Successful treatment of stem cell graft failure in pediatric patients using a submyeloablative regimen of campath-1H and fludarabine.

Graft failure is a significant cause of morbidity and mortality after hematopoietic stem cell transplantation (HSCT). We used a nonmyeloablative conditioning regimen consisting of the lympho-depleting humanized CD52-antibody Campath-1H and fludarabine to rescue 12 consecutive children age 9 months to 17 years with engraftment failure after initial myeloablative HSCT. Primary diagnoses included lymphohematologic malignancies (n=6), severe combined immunodeficiency syndrome (SCID) (n=4), and metabolic diseases (n=2). The same stem cell donor was used as for the primary graft: mismatched family member (n=7), matched unrelated donor (n=4), or matched related donor (n=1). The patients received doses of CD34+ cells that did not significantly differ from those used in the initial, failed transplant. At a median follow-up of 51 months (range, 4 to 84 months), 6 of 6 patients with nonmalignant diseases and 4 of 6 patients with malignancy were alive. Two patients died, 1 patient from pulmonary toxicity and 1 from relapse, at 51 days and 8 months posttransplantation, respectively. All 12 patients initially achieved sustained neutrophil engraftment and complete donor chimerism by day 28. Six patients received donor lymphocyte infusion (DLI) after "rescue" therapy to maintain donor chimerism. At 6 months, 4 patients had complete donor cell engraftment, 4 had 15% to 89% stable donor chimerism, and 3 had developed secondary graft failure. This conditioning regimen was generally well tolerated; 4 of the 12 patients never became neutropenic, and 9 never became thrombocytopenic. Only 1 patient developed graft-versus-host disease (GVHD; grade 1), and none had chronic GVHD. Thus, the regimen that we describe can be used with minimal toxicity to effectively overcome graft failure after myeloablative HSCT in children.

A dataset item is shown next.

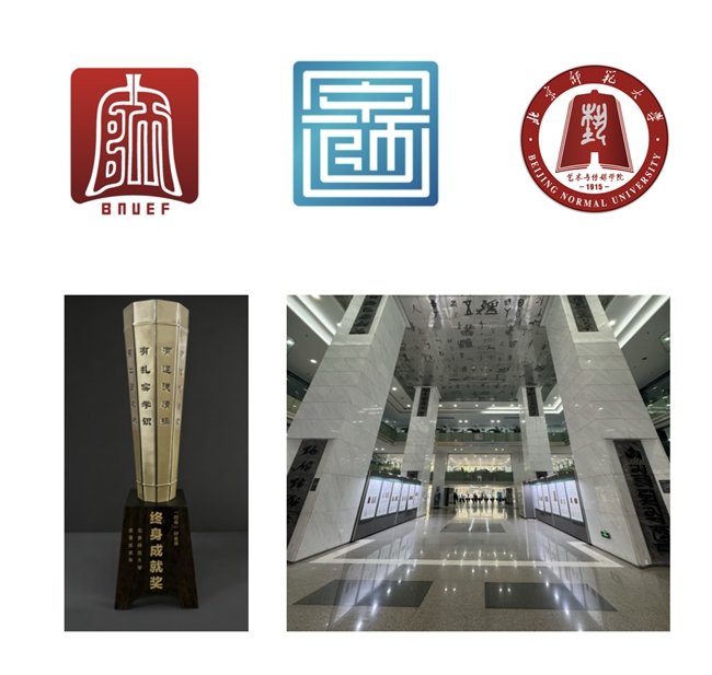 北京师范大学图书馆、基金会、艺术与传媒学院系列标识设计,四有好老师奖杯设计,主楼大堂公共空间文字设计。(设计者:郎丽)

Adenoviral infections in hematopoietic stem cell transplantation.

Adenoviruses are lytic DNA viruses that are ubiquitous in human communities. In total, 51 different serotypes with varying tissue tropisms have been identified. Adenovirus infections, although frequent, are rarely fatal in immunocompetent individuals who have potent innate and adaptive immunity. But in immunosuppressed individuals, adenoviruses are a significant cause of morbidity and mortality, with limited treatment options. In particular, pediatric recipients of allogeneic hematopoietic stem cell transplantation frequently develop infections early in the posttransplantation period. Because the endogenous recovery of adenovirus-specific T cells has proven important in controlling infection, we explore the potential of adoptive T-cell immunotherapy as a therapeutic strategy. We discuss the advantages and limitations of T-cell therapy for the prophylaxis and treatment of adenovirus infection posttransplantation.